**Work instructions**. Only the lines from the one containing "Buy throws and" to the end of the material are to be copied, exactly and in full; images stay out.

**Input data**.
= = = = = = =
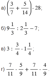 В пунктах а) и г) для упрощения вычислений применяем распределительное свойство умножения. В пункте а) раскрываем скобки, умножая каждый компонент на множитель, стоящий за скобками, и затем складываем полученные произведения, а в пункте г), наоборот, выносим общий множитель за скобки, выполняем вычисления в скобках и умножаем полученный результат на вынесенный множитель.
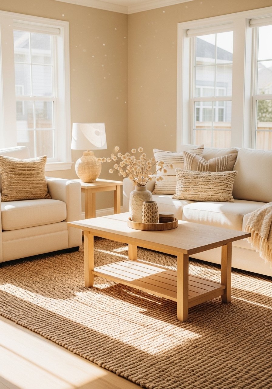 Buy throws and pillows seasonally: I swap mine every few months. Cream chunky knit throws are versatile and under $50.
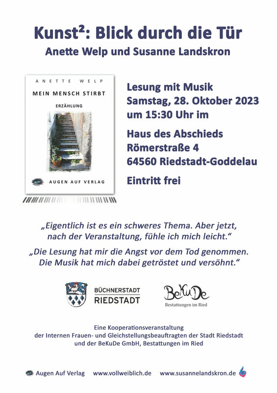 „Was bleibt, ist die Seele. Sie ist unsichtbar. Wir können sie spüren. Ein Vogelgezwitscher, eine Berührung, eine Stimme, ein Sonnenstrahl im Gesicht.“ So beginnt das Büchlein „Mein Mensch stirbt“ von Anette Welp. Am Samstag, 28. Oktober wird sie um im Haus des Abschieds in Riedstadt-Goddelau, Römerstraße 4, daraus lesen, begleitet von Susanne Landskron am Klavier.
= = = = = = =
**Written reply**.
 Buy throws and pillows seasonally: I swap mine every few months. Cream chunky knit throws are versatile and under $50.
 „Was bleibt, ist die Seele. Sie ist unsichtbar. Wir können sie spüren. Ein Vogelgezwitscher, eine Berührung, eine Stimme, ein Sonnenstrahl im Gesicht.“ So beginnt das Büchlein „Mein Mensch stirbt“ von Anette Welp. Am Samstag, 28. Oktober wird sie um im Haus des Abschieds in Riedstadt-Goddelau, Römerstraße 4, daraus lesen, begleitet von Susanne Landskron am Klavier.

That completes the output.